All dates are approximate and for orientation only. The division into kingdoms and periods is modern. The division into dynasties is from Manetho (3rd century BC).

1) Early Dynastic period dynasties 1 and 2 3100-2800

2) Old Kingdom dynasties 3 to 6 2800-2200

3) First Intermediate Period dynasties 7 to 10 2200-2050

4) Middle Kingdom dynasties 11 to 13 2050-1700

5) Second Intermediate Period dynasties 14 to 17 1700-1550

6) New Kingdom dynasties 18 to 20 1550-1100

7) Second Intermediate Period dynasties 21 to 25 1100-664

8) Late Kingdom dynasties 26 to 31 664 to 332

Outline of Jewish history Exodus to Exile

(Accepted Biblical chronology, early dates approximate)

1450 Exodus from Egypt, followed 1400 by conquest of Canaan

1030-930 United Monarchy - kings Saul, David and Solomon

930-721 Divided Monarchy - Judea and Israel separate kingdoms

721 Israel conquered by the Assyrians

721-586 Kingdom of Judah

586 Jerusalem conquered by the Babylonians. Exile in Babylon.

Chronological Revisionism

The Egyptian chronology is regarded as fixed and immutable, with only a little leeway for precise dating. But there have long been a small number of historians who have perceived problems with the accepted scheme, most notably Immanuel Velikovsky, David Rohl and Peter James. Although their solutions differ considerably, they broadly agree on where the problems lie.

The Dark Age of Greece

Until the late 19th century it was accepted that the earliest phase of Greek history, the Mykenean, immediately preceded the classical Hellenic age. Then, in the excavation of Tel-el-Amarna, the ancient Akhetaten, the capital city of the heretic 18th dynasty pharaoh Akhnaton, Mykenean pottery of types IIIA and IIIB was found. Because Akhetaton was only occupied for around twenty years, the pottery could be securely dated - and it was 500 years earlier than previously accepted, opening a huge gap between the phases of Greek history. Greek scholars were outraged. There was nothing in either the archaeology or the written documents to suggest such a thing. Nevertheless, the Egyptologists prevailed, and the Mykenean chronology was duly displaced by the required amount. But the problems noted at the time have not gone away.

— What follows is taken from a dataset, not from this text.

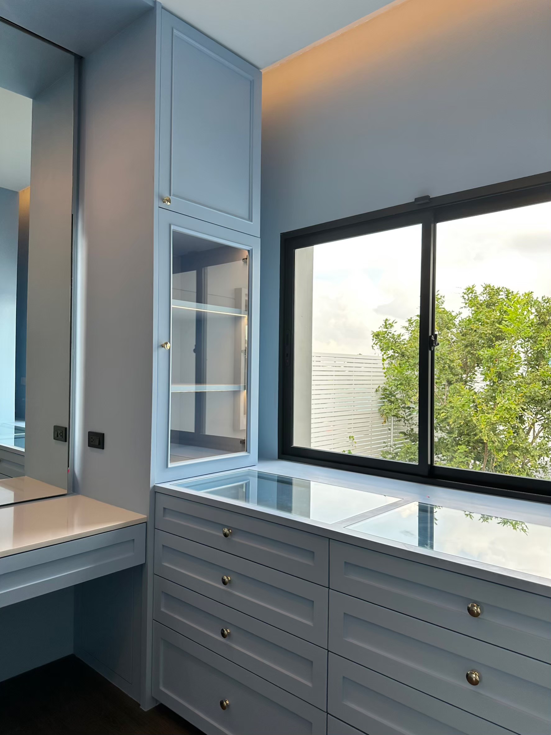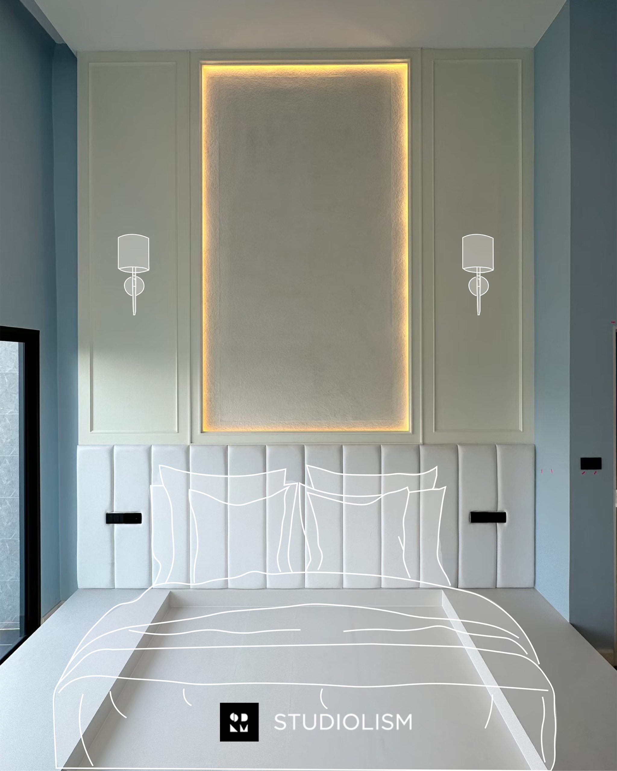 งานออกแบบตกแต่งภายในบ้านพักอาศัยส่วนบุคคลหลังนี้มีจุดเริ่มต้นจากการถ่ายทอดแนวคิดผ่านโทนสีฟ้า ซึ่งเป็นสีที่เจ้าของบ้านชื่นชอบ โดยผู้ออกแบบเชื่อมโยงระหว่างรูปแบบ โทนสี และการใช้งานของพื้นที่เข้าด้วยกันอย่างลงตัวด้วยแนวคิดที่สื่อถึงการอยู่อาศัยแบบหรูหราร่วมสมัย การออกแบบจึงมุ่งเน้นการลดทอนรายละเอียดให้เรียบง่ายมากยิ่งขึ้น ขณะเดียวกันยังคงบรรยากาศที่นุ่มนวล อบอุ่น และสบายแก่ผู้อยู่อาศัย

First of these is that the two cultures are too similar for there to have been a 500 year interregnum between the two. The second is the "Homeric problem". Homer, writing after the dark age, displays a detailed knowledge of the world that came before it. This is especially surprising given problem number three. The Greeks are supposed to have lost the art of writing for the whole period, yet within a few decades of rediscovering it were producing some of their greatest literary works. This is odd, to say the least.

In the words of the Cambridge Ancient History

The dating of the stages of occupation in the Palestinian towns of the Late Bronze Age is almost entirely dependent on pottery. Datble objects such as royal scarabs are regrettably unreliable. Often their find spot is uncertain. Even when the evidence on this is reasonably precise, it is often clear it is often clear that either the scarab was an heirloom, or was a later copy...

Or to put it more honestly, datable Egyptian objects are consistently found in later strata than expected (often much later). There is no evidence that these artefacts were heirlooms or copies, other than that they were found in the wrong strata, and these are purely ad hoc explanations. Nor are they credible - there is no reason why the Canaanites would have done this. Scarabs were the symbols of the Egyptian ruling power, and marked the authority of the Pharaohs.

The Problem

It can easily be seen that on the basis of these two chronologies, the Exodus falls in the New Kingdom period. As many historians have pointed out, this causes an immediate problem, for this period represents the peak of Egyptian power under pharaohs like Tuthmoses III, Amenhotep III and Rameses II, among others. There is nothing in the archaeological record to show there was any conquest of Canaan at this time. Neither is there anything in the Bible to suggest an Egyptian presence there, although they were in almost permanent control of the region throughout the New Kingdom, with only a few short breaks.